### Exercise data
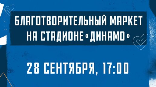 Благотворительный маркет «Динамо» 💙 28 сентября за час до матча с «Зенитом-2» на стадионе «Динамо» каждый желающий может сделать пожертвование и помочь пятилетней Кати Коскиной, подопечной фонда «Настенька» На маркете будут представлены редкие вещи от друзей Динамо и наших футболистов:...
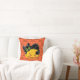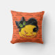 Cet oreiller de lancer est montré en noir et orange avec une jolie conception Happy Halloween noir chat design. Customisez ce coussin ou achetez tel quel.
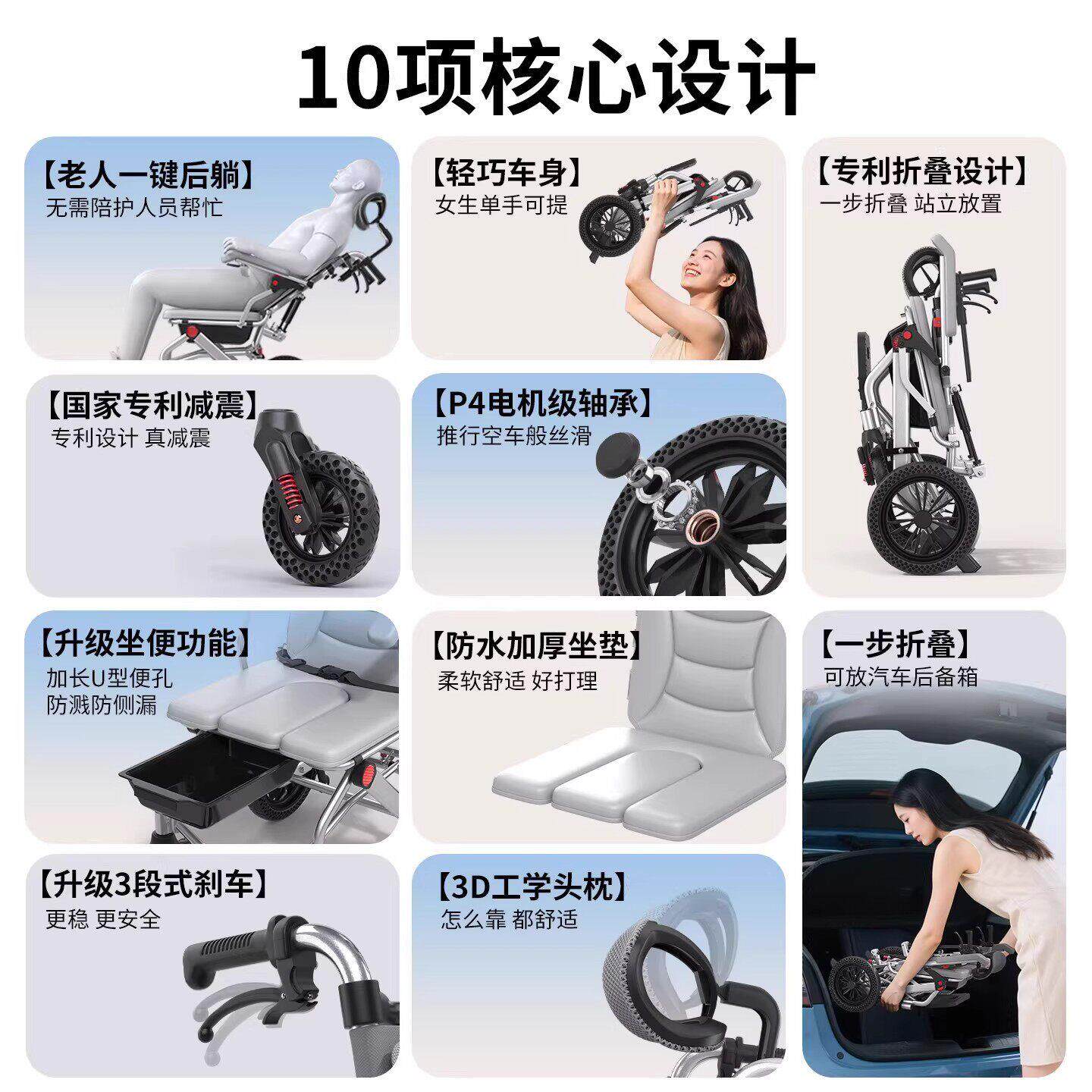 核心技术铝合金轮椅轻便折叠老人专用带坐便可洗澡代步手推车

### Try it
Only the lines from the line with "Cet oreiller de" through the closing line of the data, both included, should be set down, exactly as written and without pictures.

### Output for this exercise
 Cet oreiller de lancer est montré en noir et orange avec une jolie conception Happy Halloween noir chat design. Customisez ce coussin ou achetez tel quel.
 核心技术铝合金轮椅轻便折叠老人专用带坐便可洗澡代步手推车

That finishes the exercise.